Nature volume 433pages 399–402 (2005)Cite this article

Abstract

Silicon is the second most abundant element on Earth. It is an important nutrient for phytoplankton1 and is readily absorbed by terrestrial vegetation2; it also assists the removal of carbon dioxide from the atmosphere through the weathering of silicates3. But the continental cycle of silicon is not well known, and only a few studies have attempted to use silicon stable isotopes (28Si, 29Si and 30Si)4,5,6,7,8,9,10,11,12,13 to quantify the continental silicon reservoirs. Dissolved silicon in sea and river waters forms a reservoir of mean isotopic value +1.1‰ (refs 7, 10). It is enriched in 30Si with respect to the igneous rocks reservoir, which has a mean isotopic value of -0.3‰ (refs 4, 9). This enrichment can only be produced by a major fractionation during weathering, and should result in the formation of a continental 30Si-depleted reservoir. Such a reservoir, however, has not been identified to date.
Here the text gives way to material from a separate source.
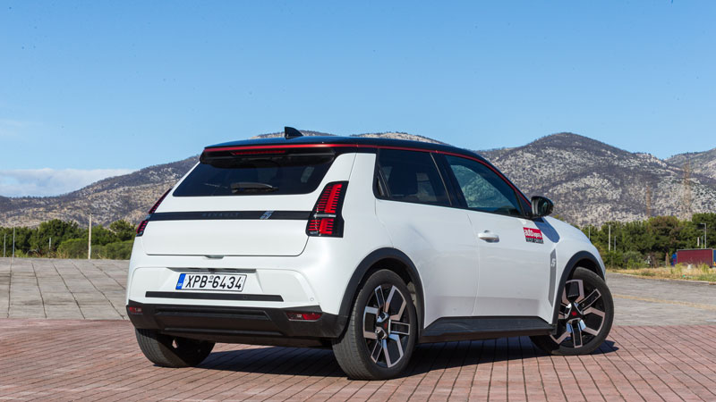 Στο πίσω μέρος μπορούμε πάλι να βρούμε παραλληλισμούς με τα Renault 5 του παρελθόντος. Τα φανάρια είναι όρθια και ενώνονται μέσω μιας μαύρης οριζόντιας ρίγας που φέρει ολογράφως το όνομα της Renault και δίπλα έχει τον αριθμό «5». Μόνο η πινακίδα έχει πλέον μετακομίσει στον προφυλακτήρα, αφήνοντας την πόρτα του χώρου αποσκευών «καθαρή», κάτι που μπορεί να φέρει στο νου θύμισες από το στυλ βελτίωσης στα τέλη των 90s.

Here we analyse silicon isotopes of in situ quartz from a sandstone series in France, using a new-generation secondary ion mass spectrometry apparatus. We show that quartz that precipitates as siliceous cements forms a strongly 30Si-depleted reservoir with isotopic values down to -5.7‰, a more negative value than any previously published for terrestrial samples. Our findings suggest that quartz re-precipitation plays an important role in the biogeochemical cycle of silicon.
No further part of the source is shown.